Building Resilient Applications

Explore how Polly and HttpClient in .NET can be used together to create resilient applications. Learn to handle retries, timeouts, and transient faults effectively.

The full source code for the Async Demo Application is available on GitHub

Introduction

In modern .NET applications, making HTTP calls to remote services is a common task. However, network instability, transient errors, and service timeouts are challenges that developers must handle effectively.

This article provides a comprehensive guide on how to use Polly, a .NET resilience and transient-fault-handling library, in combination with `CancellationToken` to enhance the robustness of your HTTP calls with `HttpClient`. We'll walk through practical examples and explain the concepts in detail.

What Does Resilient Mean in a Web Application?

Resilience in the context of a web application refers to the ability of the application to maintain acceptable service levels despite facing various challenges, such as faults, failures, or unexpected loads. A resilient web application is designed to handle disruptions gracefully, recover quickly, and continue providing reliable service to users.

In modern web development, resilience is crucial because web applications often rely on multiple external services, APIs, and infrastructure components. These dependencies can introduce potential points of failure that, if not handled properly, can degrade the user experience or even cause the application to become unavailable.

Examples of Resilience in Web Applications

Here are some key aspects of resilience in web applications, along with examples of how they can be implemented:

Transient faults are temporary issues, such as network timeouts, that can resolve themselves if the operation is retried.
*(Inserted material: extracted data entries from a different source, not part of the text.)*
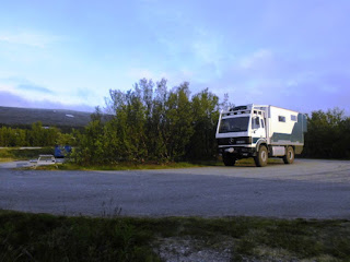 Wir fahren ein in Kárášjohka, einer Kleinstadt vor der Norwegisch/Finnischen Grenze. Von hier aus fließt der gleichnamige Fluß nordwärts und bildet in seiner Mitte die Grenzlinie beider Staaten. Außer einem Sommerkamp der Samen und einer Messermanufaktur bietet der Ort nichts besonderes.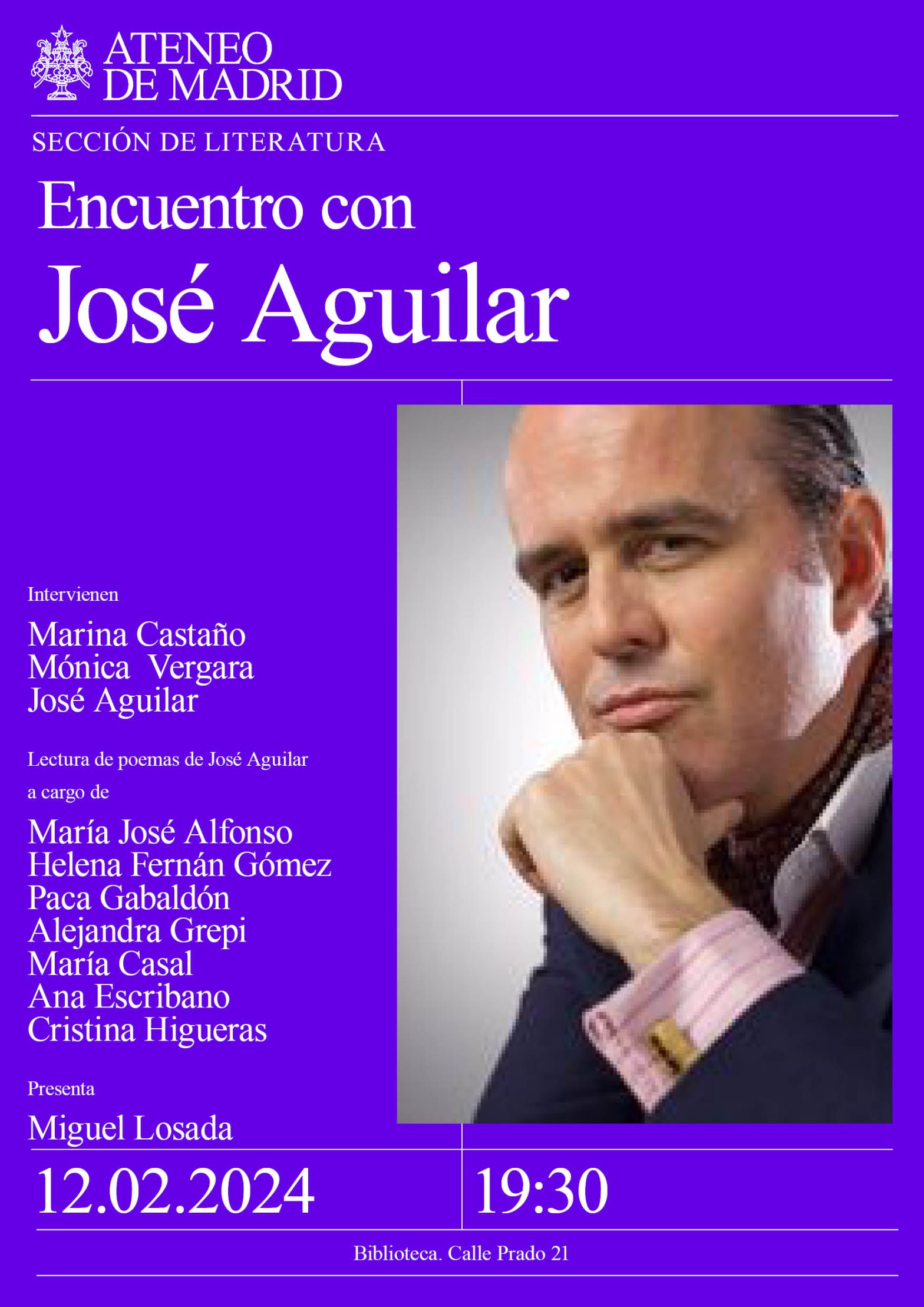 Sección de Literatura. Intervienen: Marina Castaño, Mónica Vergara, periodista en prensa y televisión y José Aguilar. Lectura de poemas de José Aguilar a cargo de María José Alfonso, Helena Fernán Gómez, Paca Gabaldón, Alejandra Grepi, María Casal y Ana Escribano. Presenta: Miguel Losada. Biblioteca. 19:30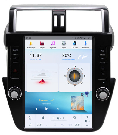 · Магнитола андроид для Toyota Land Cruiser Prado 150 в стиле Тесла — вертикальный огромный экран, как в знаменитом электрокаре, который делает управление функциями невероятно удобным.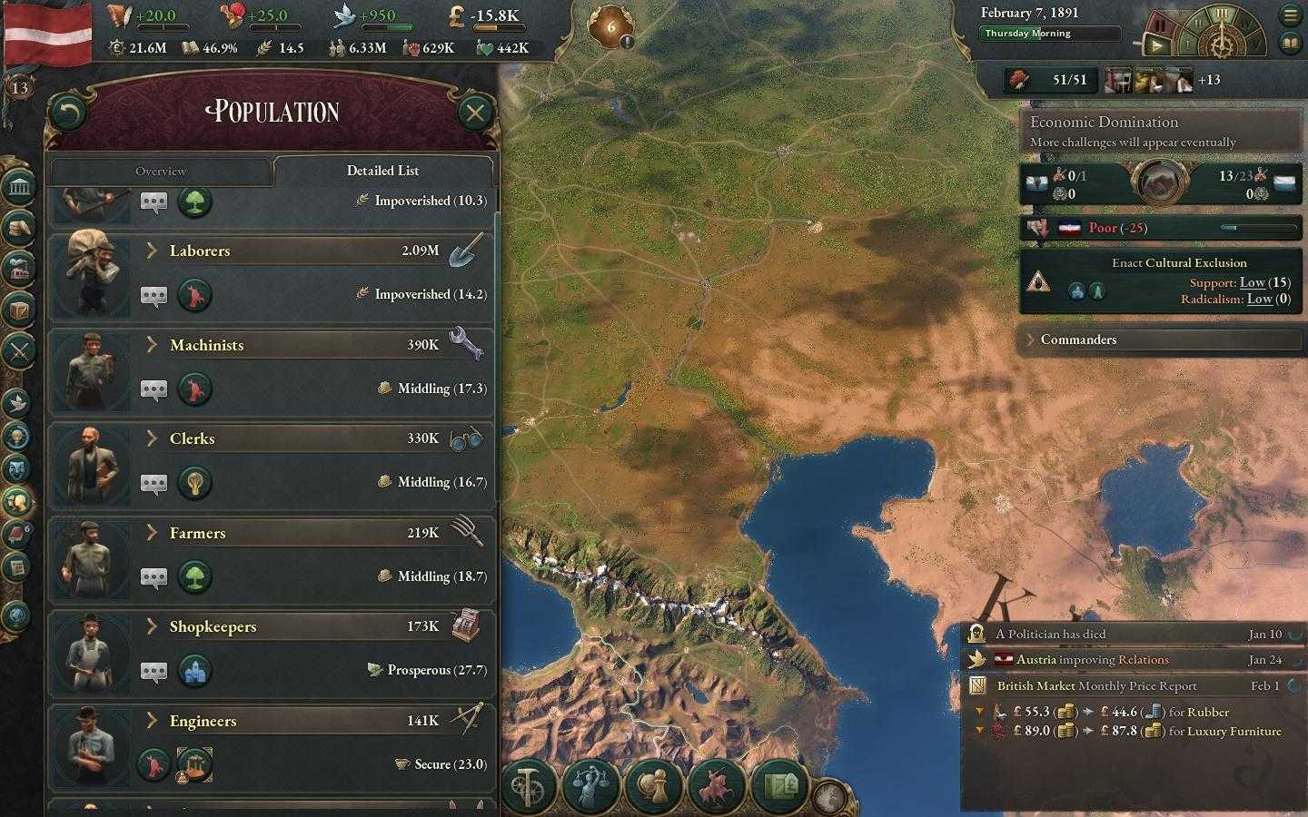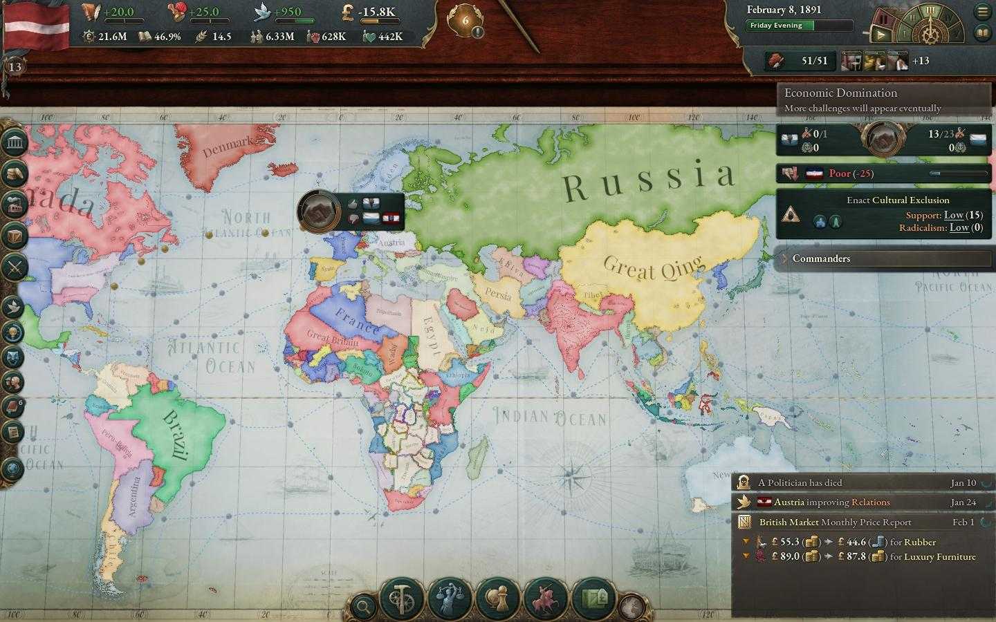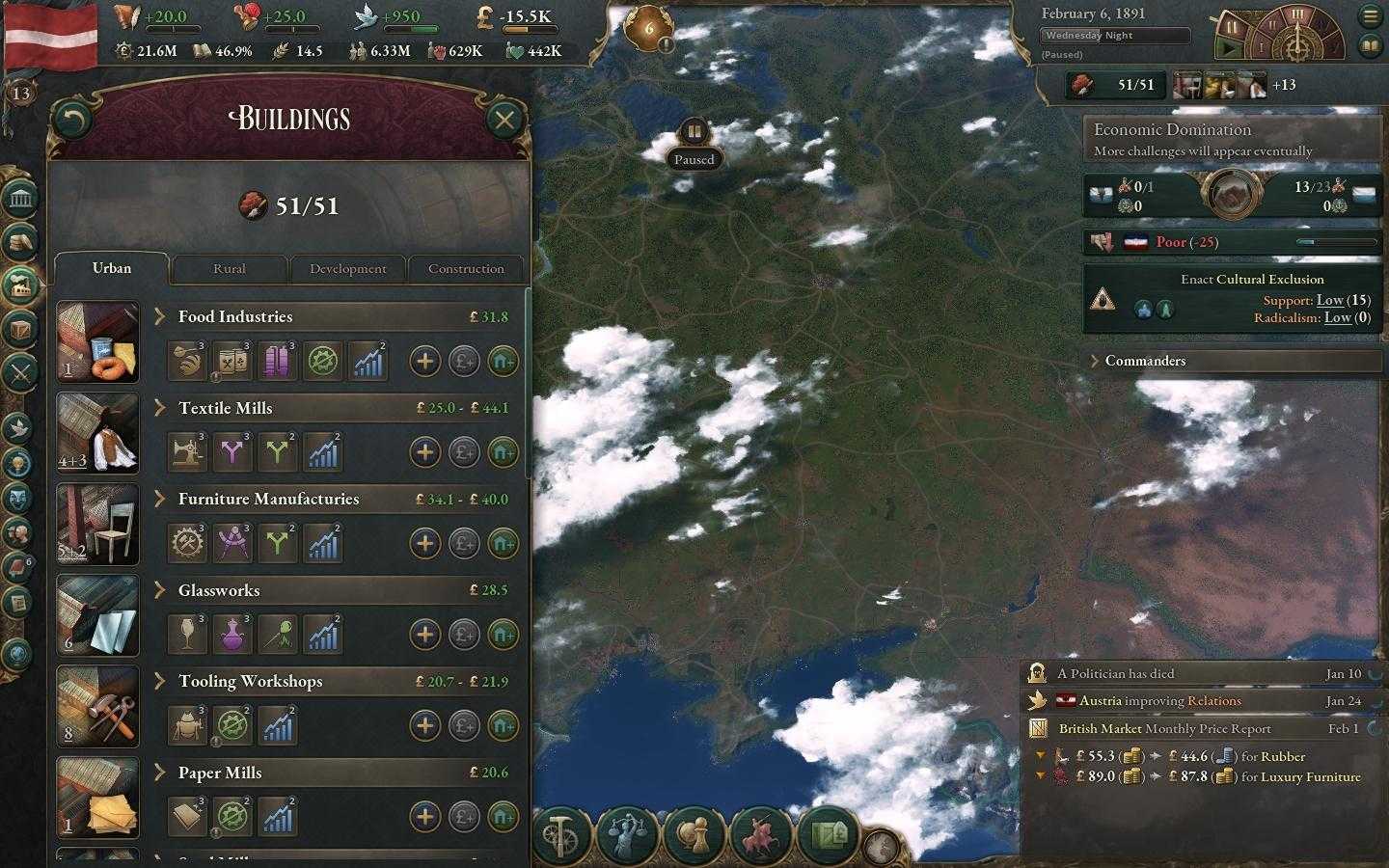 Таким образом, я не могу назвать Victoria 3 полноценной глобальной стратегией в её релизном варианте. Она, может быть, хороша как платформа для будущих обновлений и дополнений, но это покажет лишь будущее. На данный же момент игра ничем не отличается от любой браузерной стратегии, где надо добывать ресурсы и бесконечно строить здания ради постройки ещё большего числа зданий.

A resilient application detects these faults and automatically retries the failed operation instead of immediately returning an error to the user.

For example, suppose your web application relies on an external API to fetch data. If the API request fails due to a network glitch, a resilient application would use a retry policy (such as one provided by Polly) to retry the request after a brief delay, improving the chances of success without requiring user intervention.
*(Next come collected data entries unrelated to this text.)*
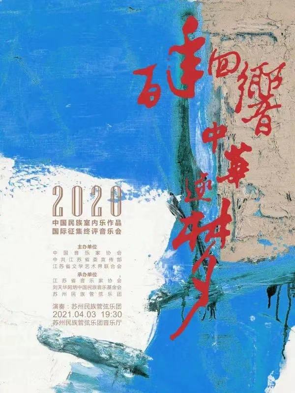 “百年回响•中华逐梦”2020中国民族管弦乐、室内乐作品国际征集展演活动由中国音乐家协会、中共江苏省委宣传部、江苏省文学艺术界联合会主办,江苏省音乐家协会、刘天华阿炳中国民乐基金会、苏州民族管弦乐团承办。二十多名全国著名作曲家、指挥家、演奏家组成的专家评委组,从征集到的百余部室内乐作品中,展开为期三天的初评、复评工作,并遴选出十部作品进入到终评环节。
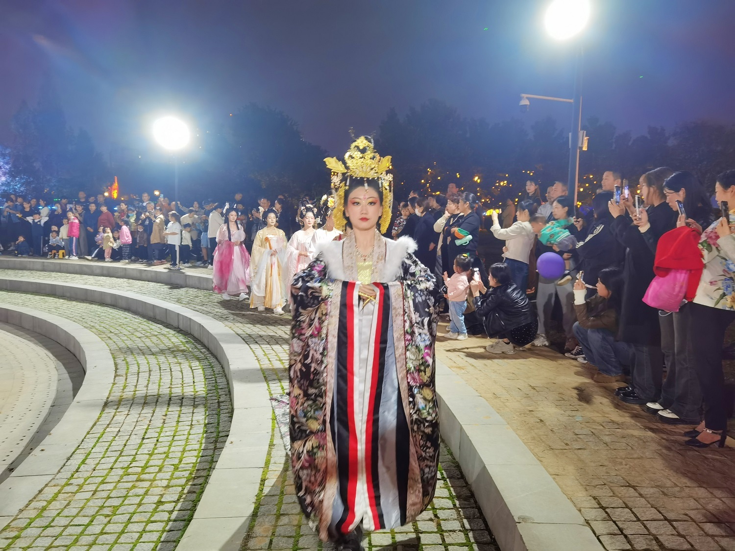 “我拍的這張最美!”一位小姑娘興奮地向同伴展示她拍攝的走秀瞬間。走秀期間,圍觀的市民紛紛拍照、錄視頻。還有的市民使用手機進行直播,與朋友分享這一精彩瞬間。市民周女士帶著女兒來到現(xiàn)場。當(dāng)晚,周女士的女兒特意換上她最喜歡的漢服小裙子,手拿可愛的氣球,到人群中感受不一樣的“熱鬧味兒”。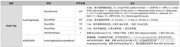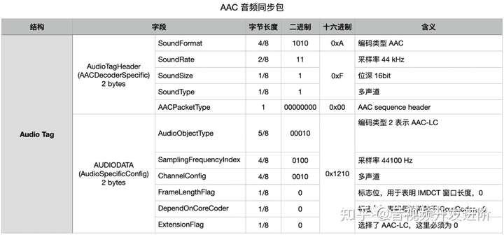 为什么 AudioTagHeader 中已经有了音频的相关参数,还需要在这里来一个 AudioSpecificConfig 呢?这是因为当 SoundFormat 是 AAC 时,SoundType 需要设置为 1(立体声),SoundRate 需要设置为 4(44k Hz),但这并不说明文件中 AAC 编码的音频必须是 44k Hz 的立体声。播放器在处理 AAC 音频时,需要忽略 AudioTagHeader 中的音频参数,而使用 AudioSpecificConfig 的参数来初始化解码器。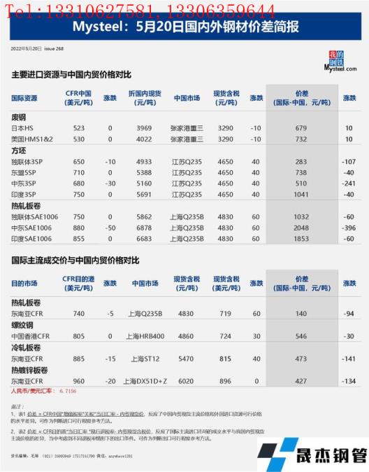 免責聲明:本網站(山東聊城晟杰無縫鋼管廠www.cuirutang.cn)刊載的“2022年05月20日日報:國內外鋼材_無縫鋼管價差匯總(2022.5.20)”等均源于網絡,版權歸原作者所有,且僅代表原作者觀點,本文所載信息僅供參考。轉載僅為學習與交流之目的,如無意中侵犯您的合法權益,請及時聯系刪除。本網站刊登此篇文章并不意味著本站贊同其觀點或證實其內容的真實性,我們不對其科學性、嚴肅性等作任何形式的保證。如果侵犯了您的版權,請盡快聯系我們予以撤銷,謝謝合作!

A circuit breaker pattern is another important concept in building resilient applications. It prevents an application from repeatedly trying to perform an operation that is likely to fail, thereby protecting the application from overloading itself or the external service.

For instance, if a third-party service your application depends on becomes unresponsive, the circuit breaker can detect the repeated failures and temporarily stop sending requests to the service. During this "open" state, the application can return a fallback response to users, or it can serve cached data until the service becomes responsive again.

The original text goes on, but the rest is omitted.